— А может, все-таки докладывать не надо, товарищ лейтенант? — нерешительно попросил Кошкарев. — Все равно ведь не засчитают. А как я тогда людям в глаза смотреть буду?
— Засчитают, если сбил, — жестко ответил Башенин и тут же поправился: — Засчитают, потому что ты его сбил, в этом я не сомневаюсь. — Башенин действительно не сомневался, знал, что Кошкарев зря говорить не стал бы. — Проверят и засчитают, — энергично повторил он. — Причем проверять нам же самим, нашему же полку и придется, да еще в самом скором времени, если не завтра, — и, чуть понизив голос, добавил со смешком — Ты думаешь, для чего наш майор вчера к командующему полетел? Докладывать о результатах разведки? Как же, докладывать — держи карман шире. Не знаешь ты нашего майора. Доложить и дурак может. Если хочешь знать, так наш майор боится, как бы командующий не приказал бомбить этот аэродром какому-нибудь другому полку, а не нашему, не хочет, чтобы лавры за разведку и уничтожение этого аэродрома достались другим. Это же такой хитрец, наш майор, ты и представить не можешь. Вот он и полетел к командующему, чтобы его умаслить. И умаслит как миленького, наверняка добьется, чтобы налет на аэродром сделал только наш полк, а не какой-нибудь другой. Да это в общем-то и справедливо будет, если наш. Сам понимаешь: мы его разведали, нам его и бомбить. Кому же еще как не нам? И еще увидишь: поведет полк на это задание майор только сам, никому другому не доверит. Ты ведь знаешь, какой он: все только сам. — Потом он перевел дух и закончил успокоительно — Так что как только пойдем на бомбежку, увидим и «мессера» твоего. Все увидят, потому что сбитый «мессер» не иголка, чтобы его не увидеть, особенно когда он горящим упал. А ты говоришь — не засчитают. Засчитают, куда они денутся…

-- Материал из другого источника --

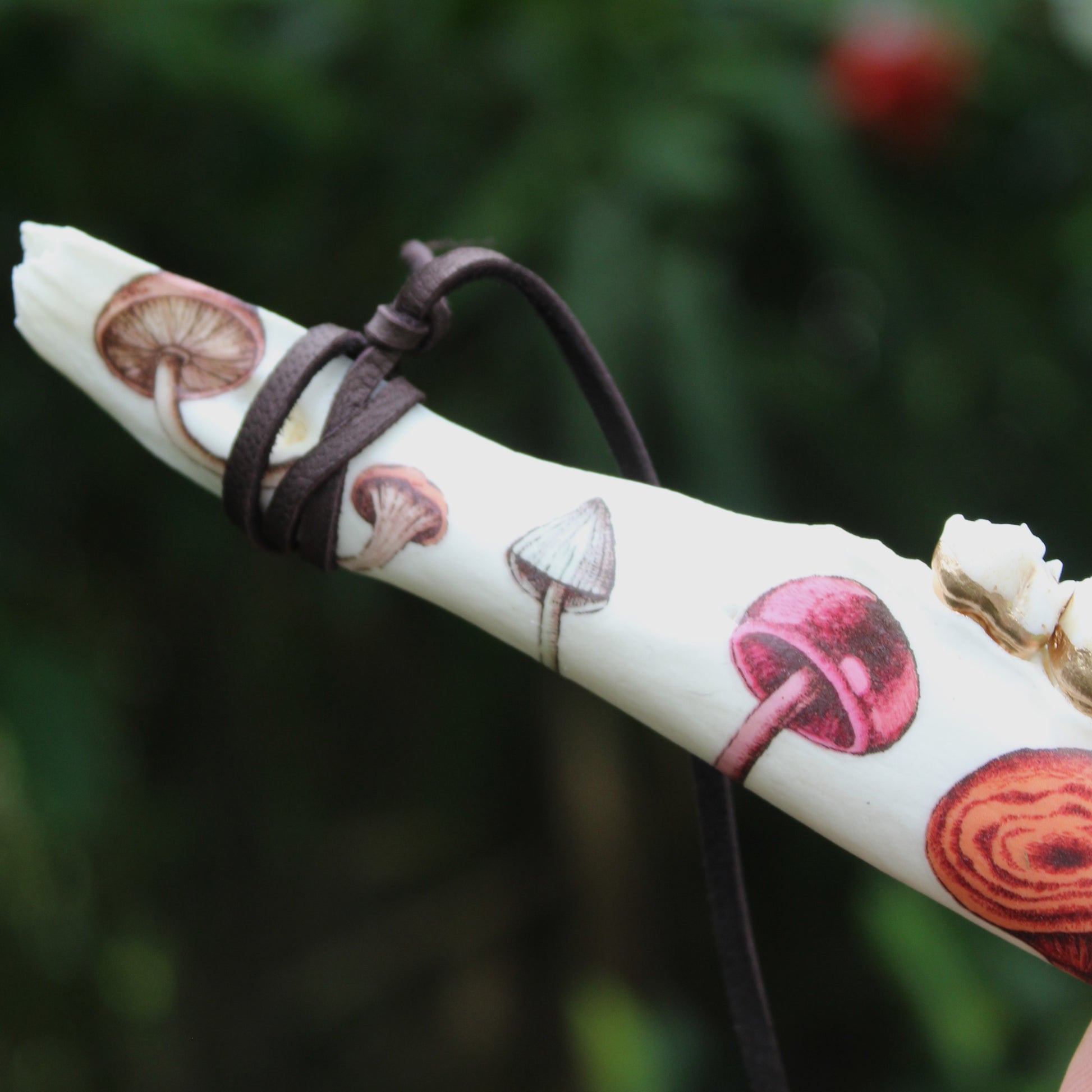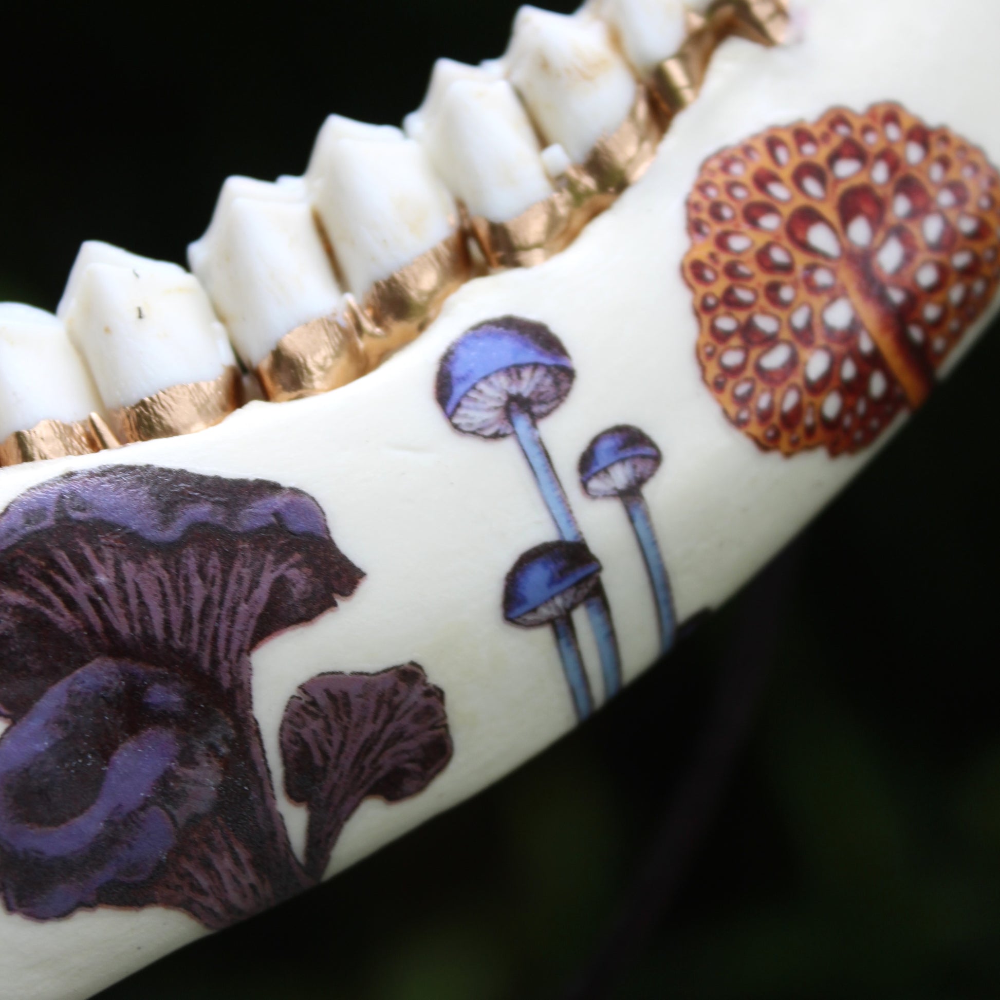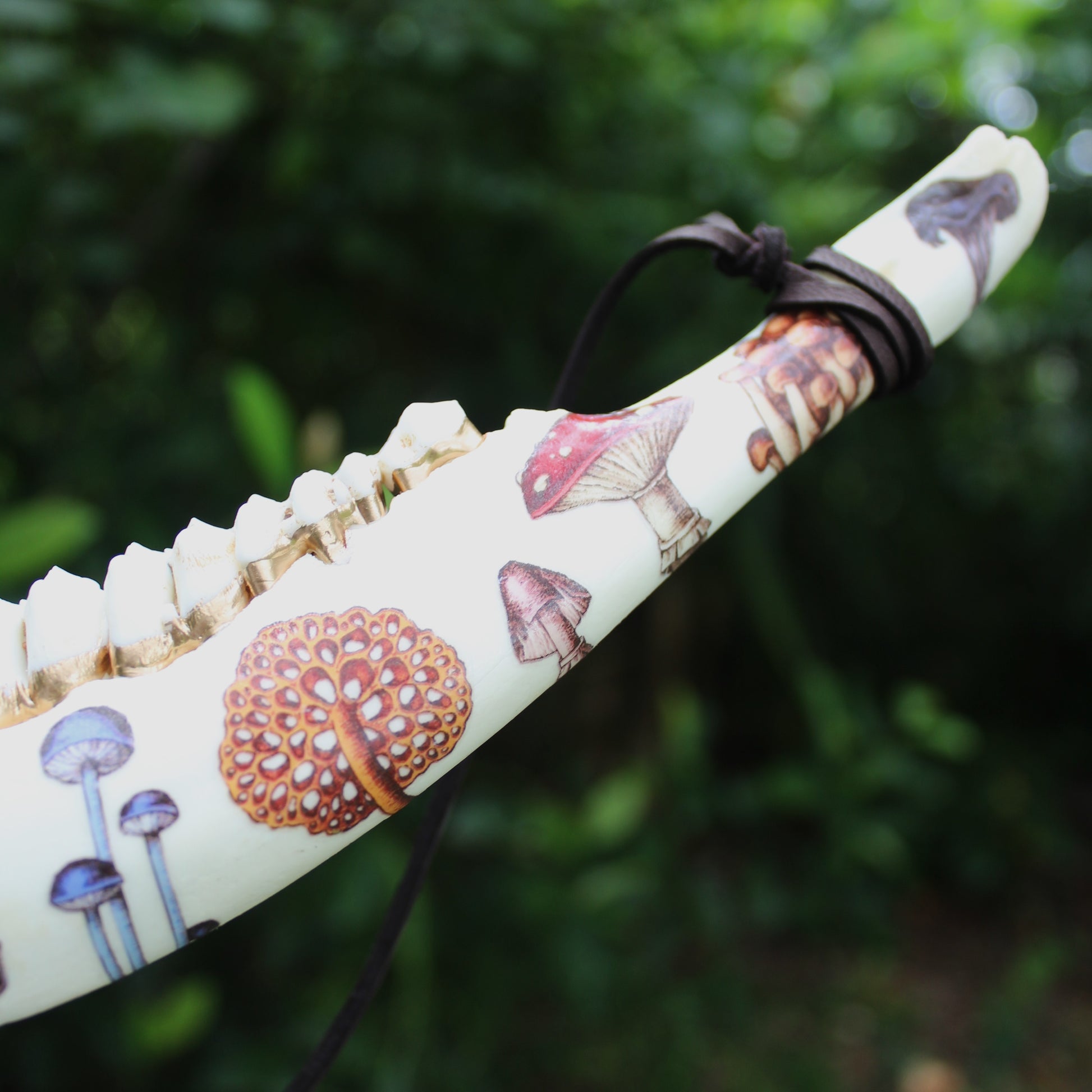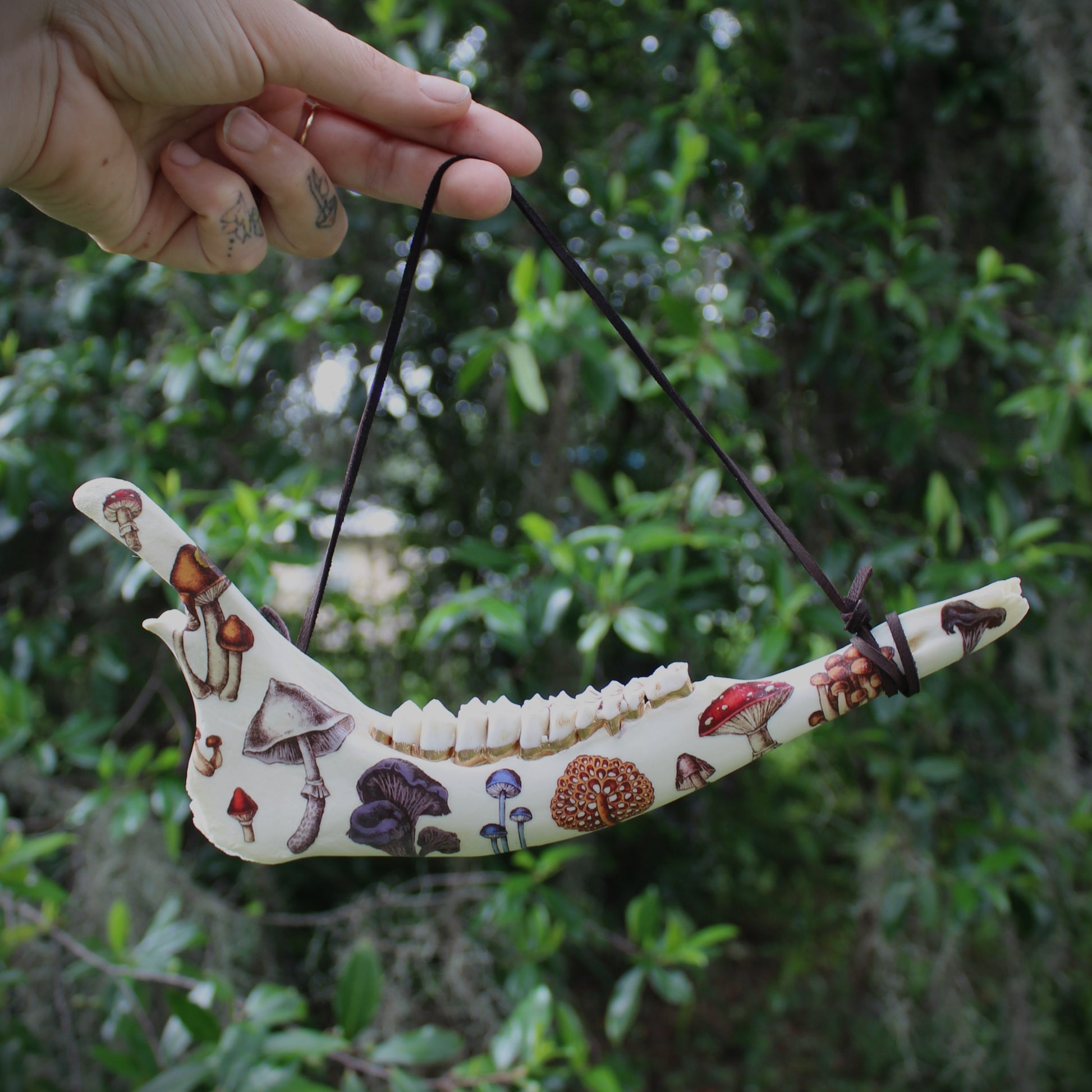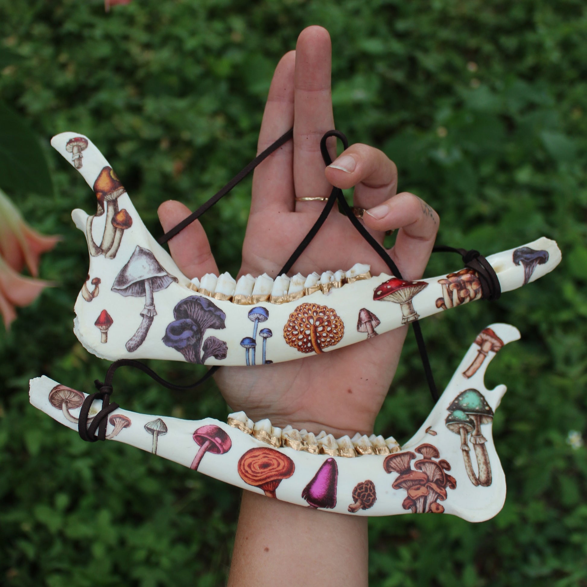 Each of these deer jawbones have been adorned with a variety of colorful magical mushroom illustrations. They are made to order, so no two pieces will be the exact same.

И Кошкарев, наконец, сдался. Но с оговоркой, что до вылета разговор об этом с командиром полка Башенин заводить не станет — только после вылета.
— Само собой, — без всяких согласился тот. — Я сам тоже хочу убедиться, если уж на то пошло. — Потом, помолчав, вдруг закончил опять с внезапным раздражением — Ладно, хватит, спать ступай, нечего тут из пустого в порожнее переливать. Наговорились, больше некуда…
Кошкарев потоптался немножко и ушел, и Башенин, почувствовав некоторое облегчение, подобрал позу поудобнее и опять закрыл глаза уже с твердым намерением больше ни о чем таком не думать и постараться уснуть. Но уснул опять не сразу. Последний вылет и похороны Куркова все равно долго еще не выходили у него из головы, так и стояли перед глазами во всех подробностях, и ему снова пришлось все это — и вылет, и похороны Куркова — пережить заново.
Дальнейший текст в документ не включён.